Problem:
Print the line containing "Consultorios, laboratorios y" and all lines after it, unchanged, through the end of the data. Leave the pictures out.

Extracted data entries:
★ ★ ★ ★

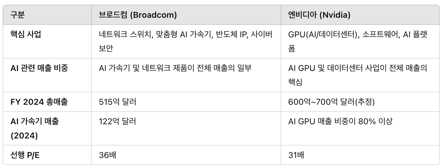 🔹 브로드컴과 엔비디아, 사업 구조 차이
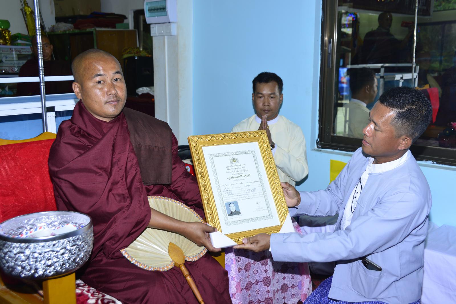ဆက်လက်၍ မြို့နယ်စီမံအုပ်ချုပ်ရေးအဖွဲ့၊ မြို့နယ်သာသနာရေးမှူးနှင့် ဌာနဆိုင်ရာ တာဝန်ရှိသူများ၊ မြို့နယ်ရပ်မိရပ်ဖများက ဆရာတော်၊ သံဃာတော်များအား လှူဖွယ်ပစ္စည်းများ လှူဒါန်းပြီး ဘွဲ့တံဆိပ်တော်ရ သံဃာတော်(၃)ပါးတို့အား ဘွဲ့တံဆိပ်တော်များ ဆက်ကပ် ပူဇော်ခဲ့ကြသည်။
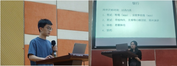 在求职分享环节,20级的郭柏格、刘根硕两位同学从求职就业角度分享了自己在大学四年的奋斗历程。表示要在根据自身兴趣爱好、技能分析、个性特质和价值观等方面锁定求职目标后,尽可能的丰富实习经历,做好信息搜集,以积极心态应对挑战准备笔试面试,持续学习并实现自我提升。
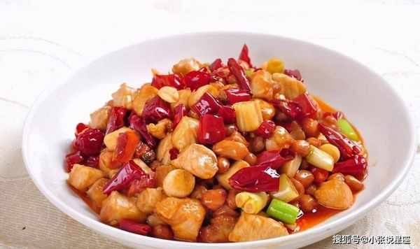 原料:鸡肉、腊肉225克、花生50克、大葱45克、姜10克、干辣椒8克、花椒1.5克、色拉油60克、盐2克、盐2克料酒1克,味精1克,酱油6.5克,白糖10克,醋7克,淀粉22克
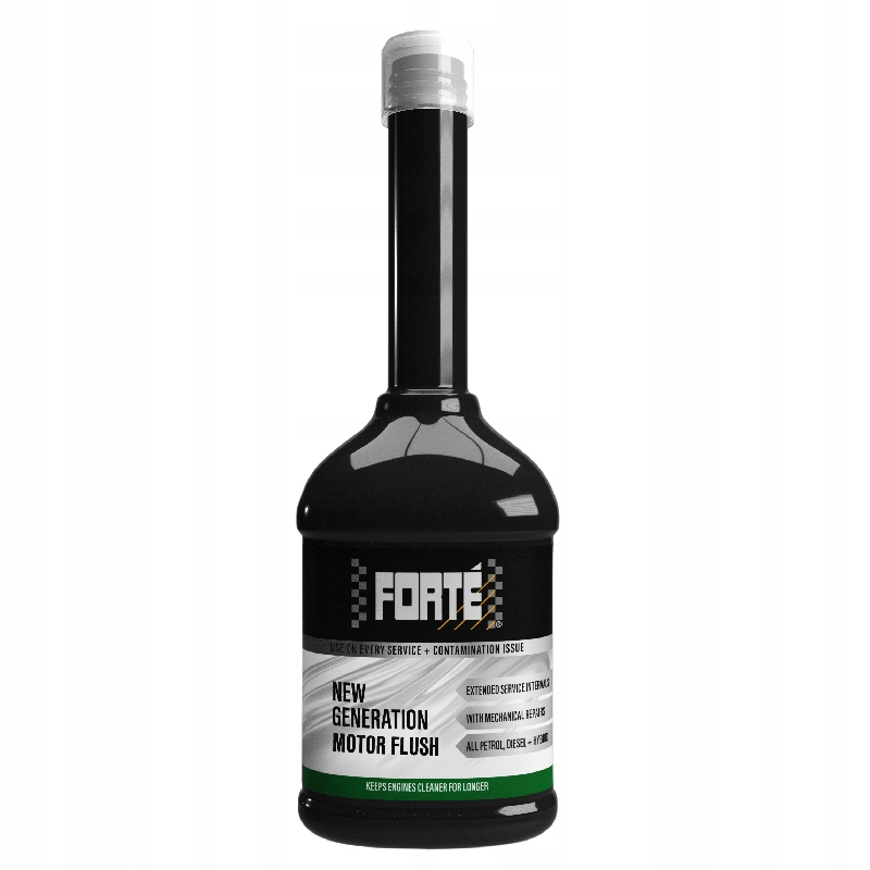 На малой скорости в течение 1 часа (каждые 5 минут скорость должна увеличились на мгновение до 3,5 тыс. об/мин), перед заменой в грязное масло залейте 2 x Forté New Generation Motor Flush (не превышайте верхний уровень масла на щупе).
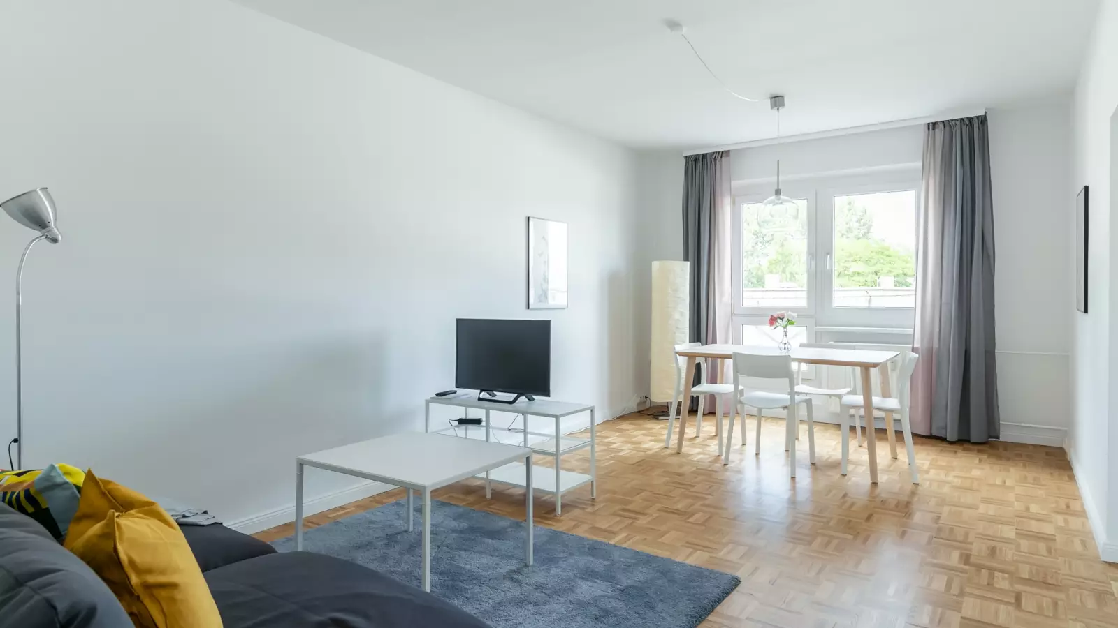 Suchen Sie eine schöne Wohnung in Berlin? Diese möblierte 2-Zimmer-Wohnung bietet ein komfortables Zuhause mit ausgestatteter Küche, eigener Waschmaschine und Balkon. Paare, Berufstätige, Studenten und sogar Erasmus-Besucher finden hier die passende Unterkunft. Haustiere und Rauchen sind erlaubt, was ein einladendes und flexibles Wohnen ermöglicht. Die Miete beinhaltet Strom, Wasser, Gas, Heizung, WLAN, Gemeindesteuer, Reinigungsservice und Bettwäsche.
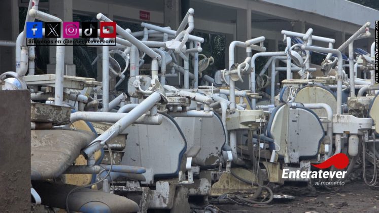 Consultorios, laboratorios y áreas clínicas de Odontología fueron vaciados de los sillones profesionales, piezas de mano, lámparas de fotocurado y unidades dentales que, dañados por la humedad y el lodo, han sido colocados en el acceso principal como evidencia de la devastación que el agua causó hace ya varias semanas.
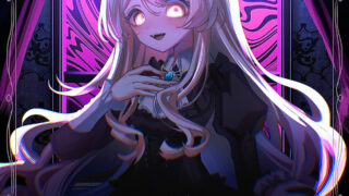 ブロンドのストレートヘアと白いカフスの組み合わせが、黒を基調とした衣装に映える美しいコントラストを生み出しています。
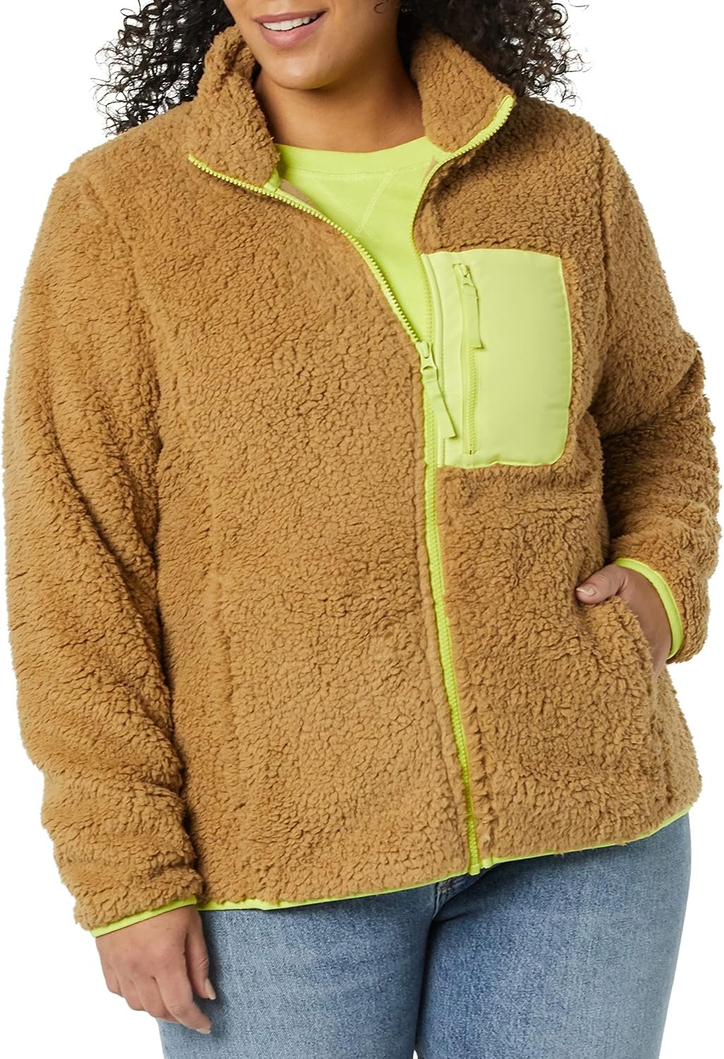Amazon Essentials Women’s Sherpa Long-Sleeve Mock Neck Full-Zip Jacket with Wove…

★ ★ ★ ★

Response below:
 Consultorios, laboratorios y áreas clínicas de Odontología fueron vaciados de los sillones profesionales, piezas de mano, lámparas de fotocurado y unidades dentales que, dañados por la humedad y el lodo, han sido colocados en el acceso principal como evidencia de la devastación que el agua causó hace ya varias semanas.
 ブロンドのストレートヘアと白いカフスの組み合わせが、黒を基調とした衣装に映える美しいコントラストを生み出しています。
Amazon Essentials Women’s Sherpa Long-Sleeve Mock Neck Full-Zip Jacket with Wove…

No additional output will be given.